» **Exercise aim**
Retype the following records exactly and exclude the pictures.

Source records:
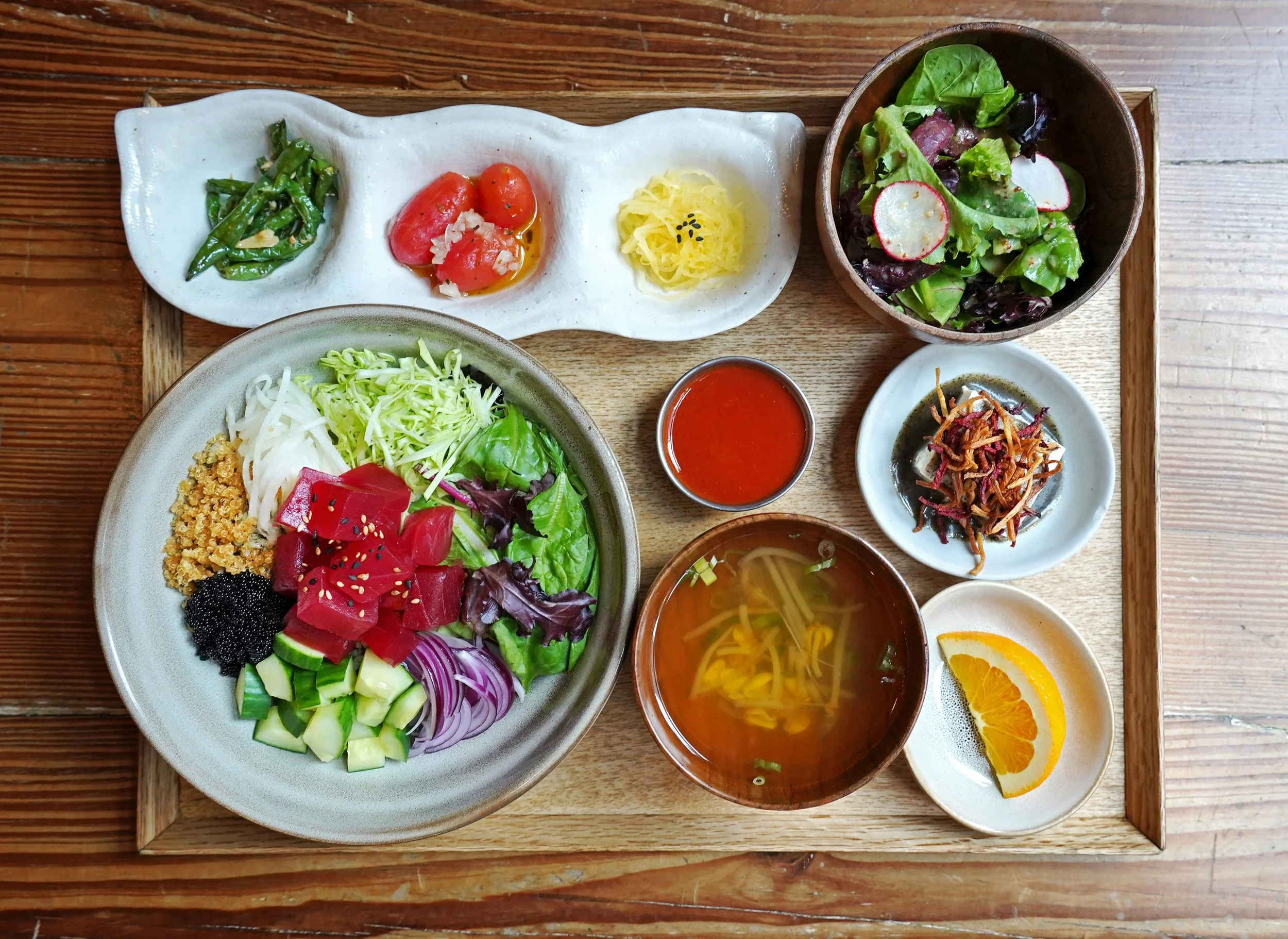 Multigrain rice option available for Tuna, Bulgogi and Vegetable Bibimbap +$2
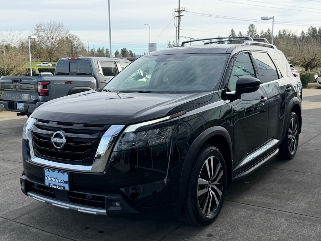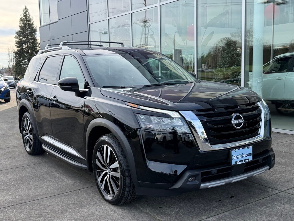 2025 Nissan Pathfinder Platinum Super Black 3.5L V6 DOHC 20/25 City/Highway MPG 4WD, 13 Speakers, 3rd row seats: bench, 4-Wheel Disc Brakes, ABS brakes, Air Conditioning, Alloy wheels, AM/FM radio: SiriusXM, Auto High-beam Headlights, Auto tilt-away steering wheel, Auto-dimming Rear-View mirror, Automatic temperature control, Bench Seat Carpeted Floor Mats (set of 4), Black Splash Guards (set of 4), Bodyside moldings, Bose Premium Audio System, Brake assist, Bumpers: body-color, Cargo Area Protector, Cargo Net, Cargo Package, Climate Controlled Front Bucket Seats, Cross Bars, Delay-off headlights, Driver door bin, Driver vanity mirror, Dual front impact airbags, Dual front side impact airbags, Electronic Stability Control, Emergency communication system, Exterior Parking Camera Rear, First Aid, Four wheel independent suspension, Front anti-roll bar, Front Bucket Seats, Front Center Armrest, Front dual zone A/C, Front reading lights, Fully automatic headlights, Garage door transmitter: HomeLink, Heads-Up Display, Heated door mirrors, Heated front seats, Heated rear seats, Heated steering wheel, Illuminated entry, Knee airbag, Leather steering wheel, LED Fog Lamps, Low tire pressure warning, Memory seat, Navigation system: NissanConnect with Navigation and Services, Nissan USB Charging Cable Set, NissanConnect featuring Apple CarPlay and Android Auto, NissanConnect with Navigation and Services, Occupant sensing airbag, Outside temperature display, Overhead airbag, Overhead console, Panic alarm, Passenger door bin, Passenger vanity mirror, Power door mirrors, Power driver seat, Power Liftgate, Power moonroof, Power passenger seat, Power steering, Power windows, Radio data system, Radio: AM/FM Audio System, Rain sensing wipers, Rear air conditioning, Rear anti-roll bar, Rear reading lights, Rear seat center armrest, Rear side impact airbag, Rear window defroster, Rear window wiper, Reclining 3rd row seat, Remote keyless entry, Running Boards, Security system, Semi-Aniline Leather-Appointed Seating Surfaces, Speed control, Speed-sensing steering, Speed-Sensitive Wipers, Split folding rear seat, Spoiler, Steering wheel memory, Steering wheel mounted audio controls, Tachometer, Telescoping steering wheel, Tilt steering wheel, Traction control, Trip computer, Turn signal indicator mirrors, Variably intermittent wipers, Ventilated front seats, Wheels: 20" x 8J Machined Alloy, 4WD. CARFAX One-Owner. Clean CARFAX. Priced below KBB Fair Purchase Price! Odometer is 3398 miles below market average! Our Best Price Up Front, No Games or Gimmicks. Our advertised price is for a retail type purchase and may not be available for Fleet or Commercial use type purchase; please call us to confirm.
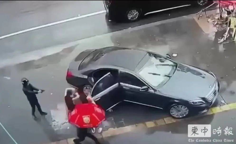 《柬中时报》从警方接获闭路电视画面显示,事发前,受害者等人从西港亚多利娱乐城出来,准备乘坐一辆黑色汽车离开,戴着头盔的一名黑衣男子骑摩托车靠近,下车走到受害者旁边当众拔枪射击。
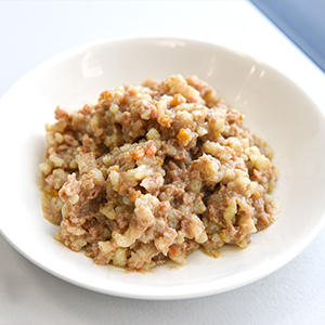 ウェットフードはドライフードと比較して素材そのものの触感や風味が感じされるため、嗜好性(食いつき)がよいとされています。人肌程度に温めると香りが立ち、より食欲を刺激するため、腎臓病により食欲不振となった犬にも効果的です。また、柔らかいので、飲み込む力が衰えた高齢犬や、歯周病などを併発している犬の食事介助としても有用です。
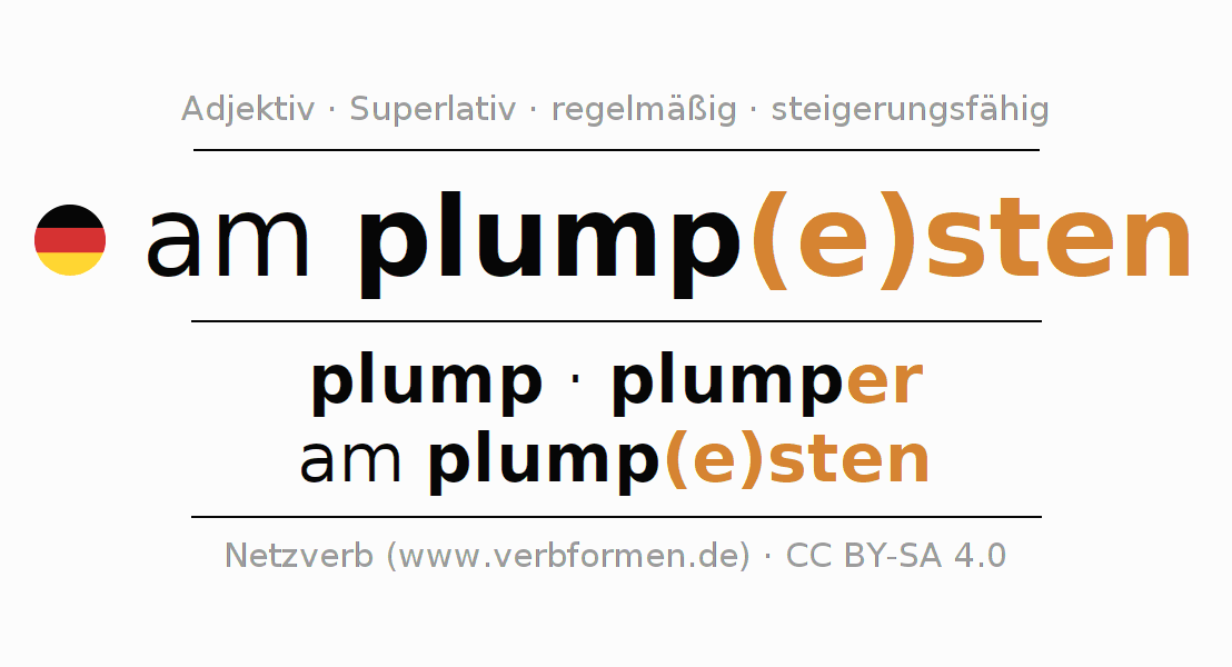 Die am plumpsten Deklination und Steigerung online als Deklinations- und Komparationstabellen mit allen starken, schwachen und gemischten Formen. Diese werden übersichtlich als Tabelle im Singular (Einzahl) und im Plural (Mehrzahl) und in allen vier Fällen Nominativ (auch 1. Fall, Wer-Fall), Genitiv (auch 2. Fall, Wes-Fall, Wessen-Fall), Dativ (auch 3. Fall, Wem-Fall) und Akkusativ (auch 4. Fall, Wen-Fall) dargestellt. Weitere Informationen finden sich unter Wiktionary am plumpsten und unter am plumpsten im Duden.

» **Written response**
 Multigrain rice option available for Tuna, Bulgogi and Vegetable Bibimbap +$2
 2025 Nissan Pathfinder Platinum Super Black 3.5L V6 DOHC 20/25 City/Highway MPG 4WD, 13 Speakers, 3rd row seats: bench, 4-Wheel Disc Brakes, ABS brakes, Air Conditioning, Alloy wheels, AM/FM radio: SiriusXM, Auto High-beam Headlights, Auto tilt-away steering wheel, Auto-dimming Rear-View mirror, Automatic temperature control, Bench Seat Carpeted Floor Mats (set of 4), Black Splash Guards (set of 4), Bodyside moldings, Bose Premium Audio System, Brake assist, Bumpers: body-color, Cargo Area Protector, Cargo Net, Cargo Package, Climate Controlled Front Bucket Seats, Cross Bars, Delay-off headlights, Driver door bin, Driver vanity mirror, Dual front impact airbags, Dual front side impact airbags, Electronic Stability Control, Emergency communication system, Exterior Parking Camera Rear, First Aid, Four wheel independent suspension, Front anti-roll bar, Front Bucket Seats, Front Center Armrest, Front dual zone A/C, Front reading lights, Fully automatic headlights, Garage door transmitter: HomeLink, Heads-Up Display, Heated door mirrors, Heated front seats, Heated rear seats, Heated steering wheel, Illuminated entry, Knee airbag, Leather steering wheel, LED Fog Lamps, Low tire pressure warning, Memory seat, Navigation system: NissanConnect with Navigation and Services, Nissan USB Charging Cable Set, NissanConnect featuring Apple CarPlay and Android Auto, NissanConnect with Navigation and Services, Occupant sensing airbag, Outside temperature display, Overhead airbag, Overhead console, Panic alarm, Passenger door bin, Passenger vanity mirror, Power door mirrors, Power driver seat, Power Liftgate, Power moonroof, Power passenger seat, Power steering, Power windows, Radio data system, Radio: AM/FM Audio System, Rain sensing wipers, Rear air conditioning, Rear anti-roll bar, Rear reading lights, Rear seat center armrest, Rear side impact airbag, Rear window defroster, Rear window wiper, Reclining 3rd row seat, Remote keyless entry, Running Boards, Security system, Semi-Aniline Leather-Appointed Seating Surfaces, Speed control, Speed-sensing steering, Speed-Sensitive Wipers, Split folding rear seat, Spoiler, Steering wheel memory, Steering wheel mounted audio controls, Tachometer, Telescoping steering wheel, Tilt steering wheel, Traction control, Trip computer, Turn signal indicator mirrors, Variably intermittent wipers, Ventilated front seats, Wheels: 20" x 8J Machined Alloy, 4WD. CARFAX One-Owner. Clean CARFAX. Priced below KBB Fair Purchase Price! Odometer is 3398 miles below market average! Our Best Price Up Front, No Games or Gimmicks. Our advertised price is for a retail type purchase and may not be available for Fleet or Commercial use type purchase; please call us to confirm.
 《柬中时报》从警方接获闭路电视画面显示,事发前,受害者等人从西港亚多利娱乐城出来,准备乘坐一辆黑色汽车离开,戴着头盔的一名黑衣男子骑摩托车靠近,下车走到受害者旁边当众拔枪射击。
 ウェットフードはドライフードと比較して素材そのものの触感や風味が感じされるため、嗜好性(食いつき)がよいとされています。人肌程度に温めると香りが立ち、より食欲を刺激するため、腎臓病により食欲不振となった犬にも効果的です。また、柔らかいので、飲み込む力が衰えた高齢犬や、歯周病などを併発している犬の食事介助としても有用です。
 Die am plumpsten Deklination und Steigerung online als Deklinations- und Komparationstabellen mit allen starken, schwachen und gemischten Formen. Diese werden übersichtlich als Tabelle im Singular (Einzahl) und im Plural (Mehrzahl) und in allen vier Fällen Nominativ (auch 1. Fall, Wer-Fall), Genitiv (auch 2. Fall, Wes-Fall, Wessen-Fall), Dativ (auch 3. Fall, Wem-Fall) und Akkusativ (auch 4. Fall, Wen-Fall) dargestellt. Weitere Informationen finden sich unter Wiktionary am plumpsten und unter am plumpsten im Duden.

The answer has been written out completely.